Six city police officers were arrested on Friday in connection with the killing of a mayor in northern Mexico as the country’s escalating drug violence targets public officials.
The suspects included the officer who guarded the house where Santiago Mayor Edelmiro Cavazos was seized last Sunday. The officer was kidnapped with the mayor, but was later freed unharmed.
The officers confessed to being involved in the Cavazos’ killing, said Nuevo Leon state Attorney General Alejandro Garza y Garza.
“We still looking for others who were involved as well,” Garza y Garza said.
The body of the 38-year-old mayor was found handcuffed and gagged on Wednesday outside of his town, a popular weekend getaway for residents of the industrial city of Monterrey.
One of the officers took part directly in the kidnapping, while the others kept watch on roads surrounding the mayor’s home, said Adrian de la Garza Santos, director of the state investigations agency.
Shortly after the kidnapping, the guard on duty told authorities he had been thrown in the trunk of one of the kidnappers’ cars and driven around for 15 minutes before being dumped unharmed by the side of the road, de la Garza said. The guard is now accused of being involved.
Cavazos’ death comes amid increasing violence in the northeast of the country attributed to a dispute between the Gulf cartel and its former allies, the Zetas.

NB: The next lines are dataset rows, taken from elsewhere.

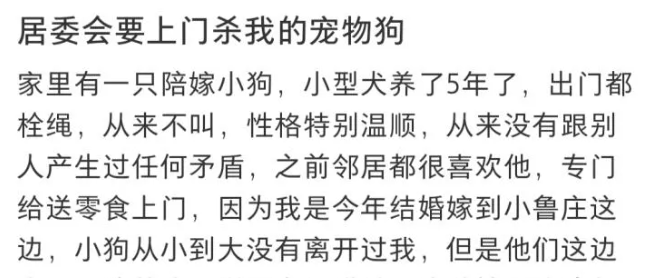 12月5日,有网友在社交平台发文反映,山东省济南市天桥区小鲁社区居委会禁止居民饲养宠物狗,称若饲养不听劝阻,将有人上门捕杀,引发关注。 ![]() 根据网友文中附上的《通知》显示:为维护小区环境卫生,避免宠物伤人和噪音扰民,小鲁居委会及物业告知小鲁村民及各租户禁止饲养狗、猫、鸡、鸭、鸽子等各种宠物及家禽,如家中有上述宠物、家禽的村民、租户务必尽快将您的宠物送走(请各位村民通知自己房客),一经发现房内饲养上述宠物及家禽,对不听劝阻者,联防人员会同公安机关进行捕杀,经济组织成员将按《居规民约》执行。《通知》落款为小鲁社区居委会。 ![]() 12月6日,小鲁社区居委会相关工作人员回应称,该《通知》确实在5日进行发布,现已被撤下。据他介绍,前段时间小区内有居民向物业反映,小区内存在饲养猫、狗、鸡、鸭等宠物和家禽的情况,且有老人因此受到惊吓。为保障居民的安全,物业工作人员拟定上述《通知》,并由社区盖章。 该工作人员表示,《通知》中的具体内容是物业人员措辞不当,社区工作人员在审核过程中也存在疏忽。目前,社区正在拟定情况说明,将对居民统一解释。 此外,属地天桥区药山街道办事处工作人员表示,街道办也已通知该社区撤销《通知》,并做好群众解释工作,严防此类问题再次发生。 END 来源:央广网 编辑:王宇豪 排版:王宇豪 审核:溪溪
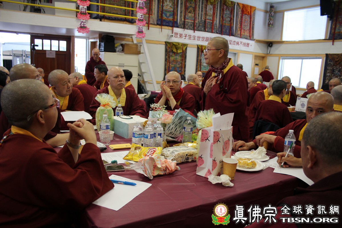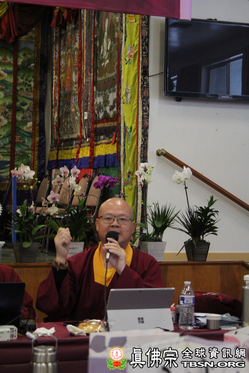 根據會議的流程,由司儀帶領大家誦密教十四大戒及師事法五十頌。接著,會長蓮花程祖上師主持「上師守則修改議案」,和與會上師詳細的討論與互動,使得守則得到圓滿的修正,並最後決議通過。接下來,文宣處長蓮悅上師回顧查閱了曾在上師會議所發的意見調查表中,針對文宣處的建議及問題,其中一項如何建立優質官方網站、社群和FB,上師們非常熱絡的交換心得,以自身的經驗提供文宣處各方面的寶貴意見。
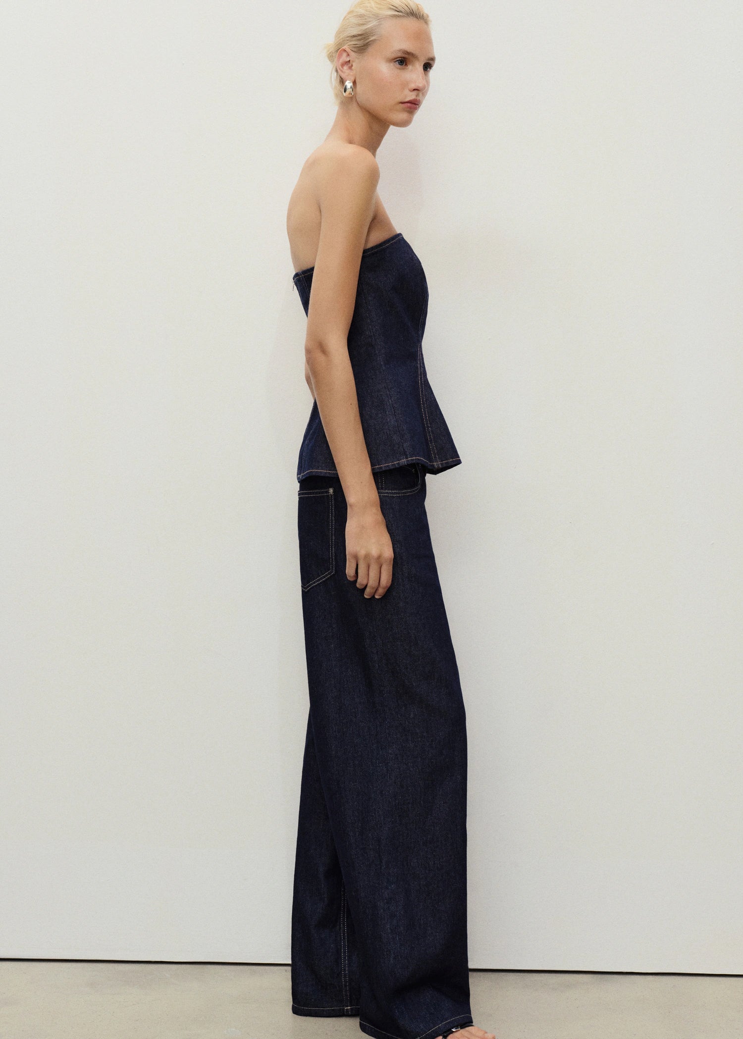 Crafted from cotton denim fabric, this top features a peplum cut and a bandeau design. It is completed with matching jeans, perfect for a total denim look.

Meanwhile, a federal judge presiding over the case of former Cancun mayor facing drug-related charges survived an attack on Thursday in the west-coast state of Nayarit, said a federal official who was not authorized to be identified.
The assault, which killed one of two bodyguards of Judge Carlos Alberto Elorza, came hours after Mexican President Felipe Calderon said Mexico should consider appointing anonymous judges for drug-trafficking trials.
Calderon’s proposal in a forum on security on Thursday was unexpected because it contradicts the efforts he has promoted to build a more open judicial system.
Elorza is the judge in the case of Gregorio Sanchez, a former Cancun mayor who was forced out of the Quintana Roo gubernatorial campaign when he was charged with drug trafficking and money laundering.
The Nuevo Leon attorney general didn’t indicate which gang may have been responsible in Cavazos’ case, which has prompted authorities to call for more patrols by both the army and police in Nuevo Leon.
Mauricio Fernandez, mayor of the San Pedro Garza Garcia, another town on the outskirts of Monterrey, said Cavazos had received death threats from gangs warning him to stay out of their way and had sought advice on how to handle the threats.
Officials at the state attorney general’s office said Cavazos had never informed authorities about any threats. General Guillermo Moreno, commander in Nuevo Leon and Tamaulipas states, said the army had never received complaints from the mayor or requests for protection.